You wrote: “NB: since this account comes from Canada, a non-nation whose only identity is that it is not the U.S., is not like the U.S., and does not like the U.S., we need to confirm this crucifixion story from other sources before we can believe it.”

As the story reports, these allegations were made by representatives of various Christians in Iraq (Chaldean, Syrian and Syriac) in testimony to a parliamentary human rights committee. The reporter, Jennifer Green, mentions “Filham Isaac, speaking for the Nineveh Advocacy Committee,” and also “Mr. Isaac’s colleague, Zaya Oshana.” The fact that Jennifer Green, a journalist, has taken the trouble to report this (when mainsream media tend to ignore such stories) and has not insinuated into her reportage the usual politically correct nonsense we usually see in news stories about Muslims, along with the apparent fact that the news venue where she works (The Ottawa Citizen) seems to have many such stories in its archives), indicate that her reportorial interest has nothing to do with Canada per se (and might have to do with her and her paper’s concern about Middle Eastern Christians).
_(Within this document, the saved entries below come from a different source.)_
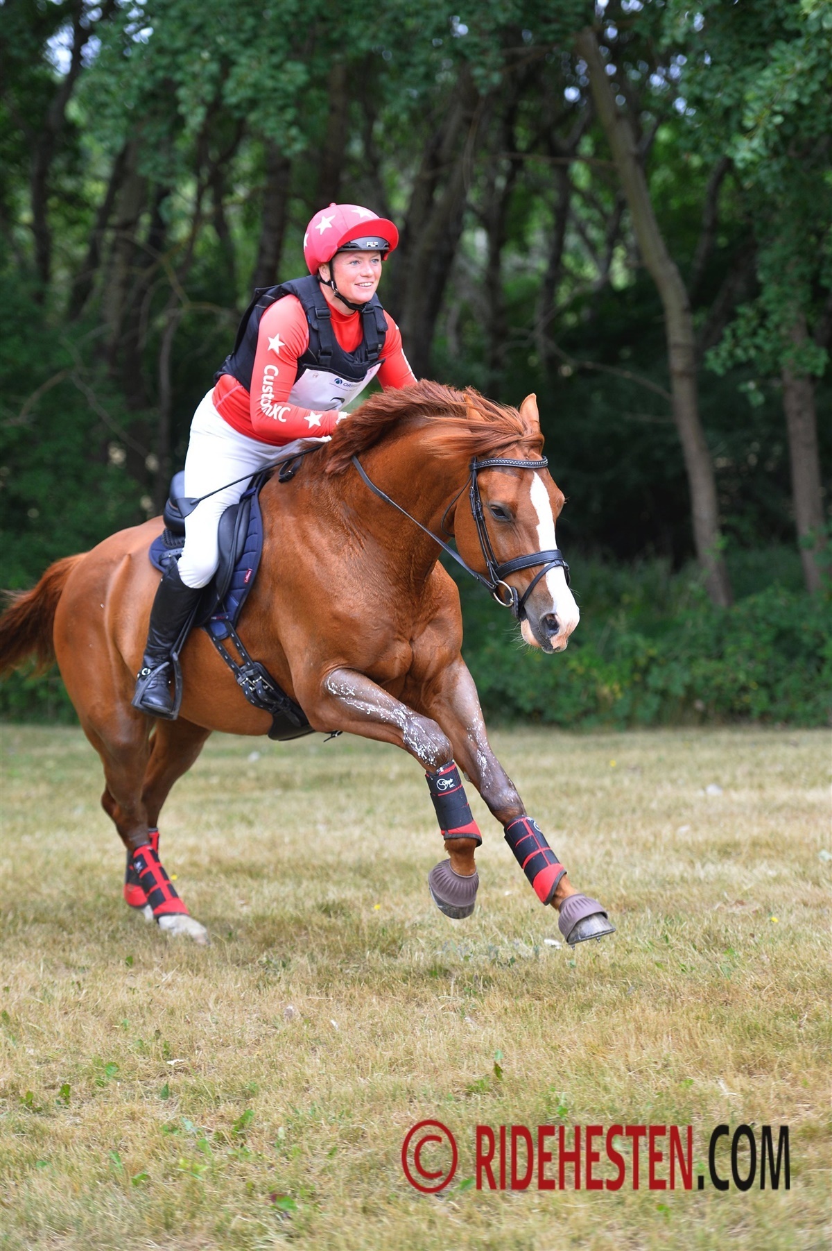 Hanne rider på hendes hjemmeavlede 10-årige hest, Amequ Torino.
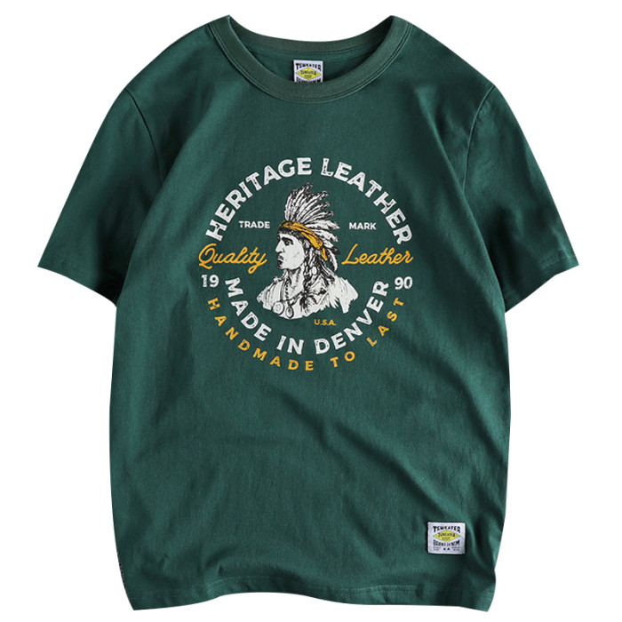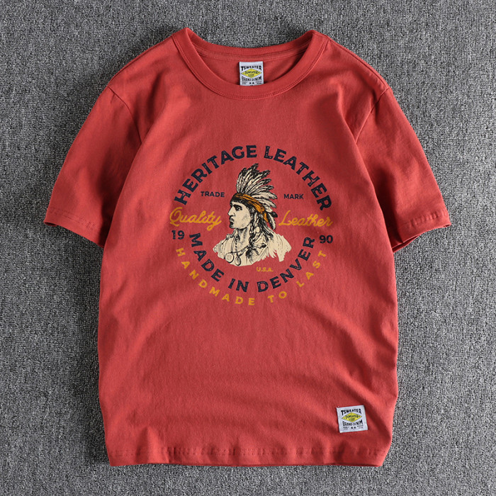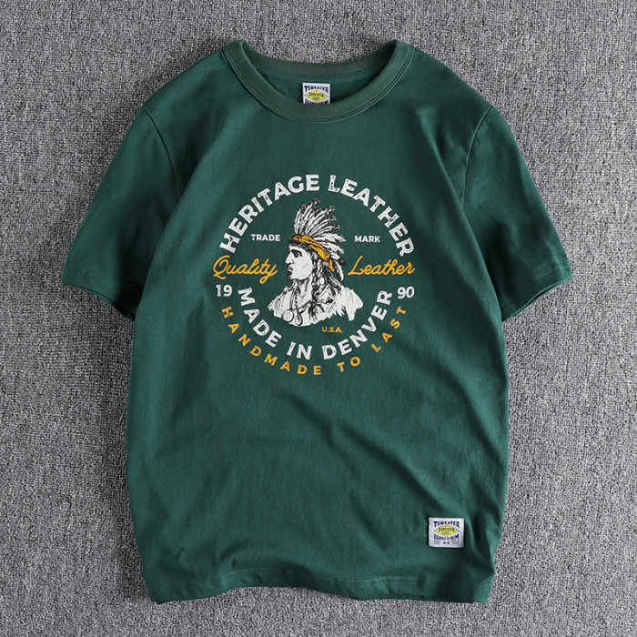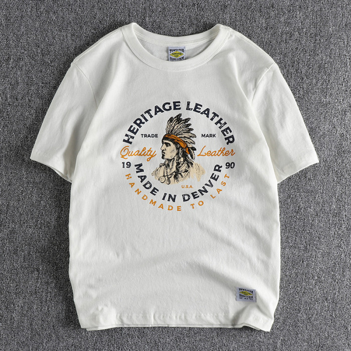 美式潮流a復古印第安圖案短袖男T恤 水洗磨毛棉圓領內搭衣半袖tee
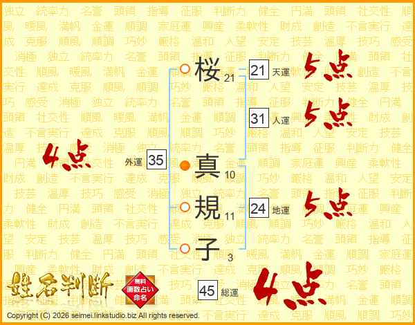 桜(21画) 真(10画)規(11画)子(3画)
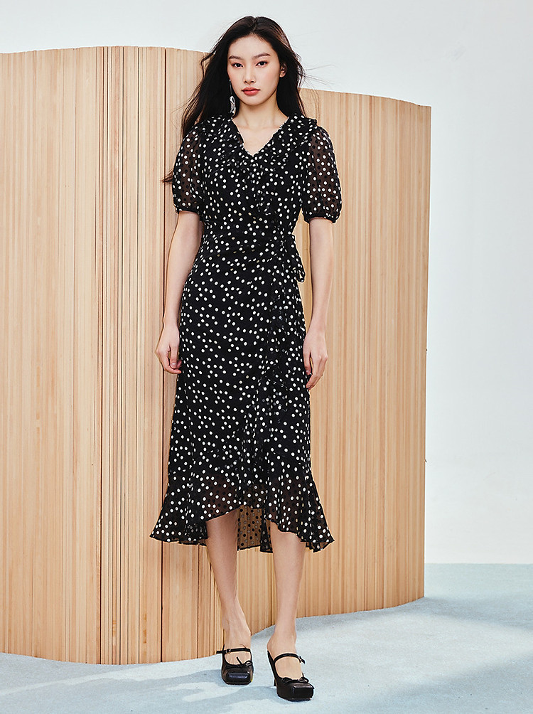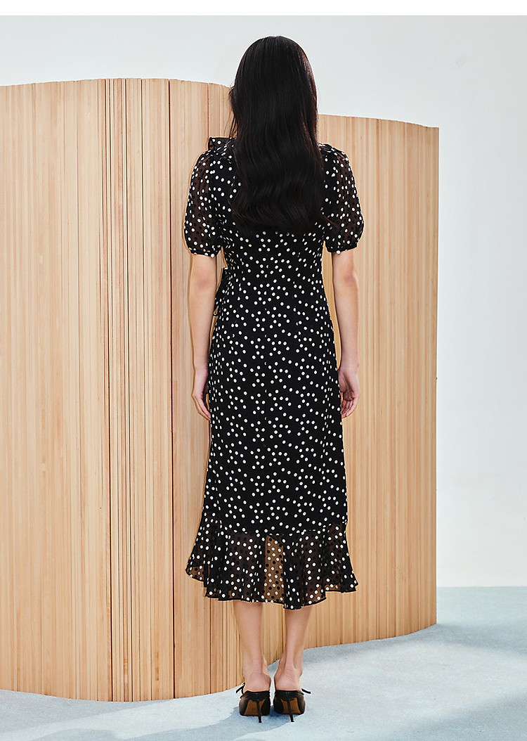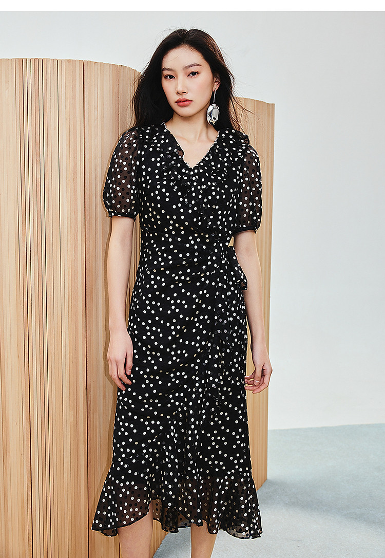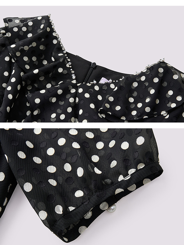 法式复古波点收腰连衣裙25夏浪漫赫本风X型收腰抽褶长裙(货号:MS86DR020D0003)

This along with the fact that she is merely reporting on the testimony of Iraqi Christians to a government committee makes it dubious that whatever deficiencies Canada has as a sociopolitical entity are not relevant to determining the veracity of this story—for which simply finding at least one other source would be the pertinent agendum.

LA replies:

Well, that’s what I said. More sources are needed to confirm that these reports have been made, and that these reports are credible.

Erich might have shown me the same consideratoin he shows the Ottawa Citizen. Since I am known as being highly critical of Islam, the fact that I do not instantly believe the crucifixion report but want more evidence could be seen as indication that I’m interested in the truth even if it goes against my pre-dispostitions, not that I’m being biased against Canada.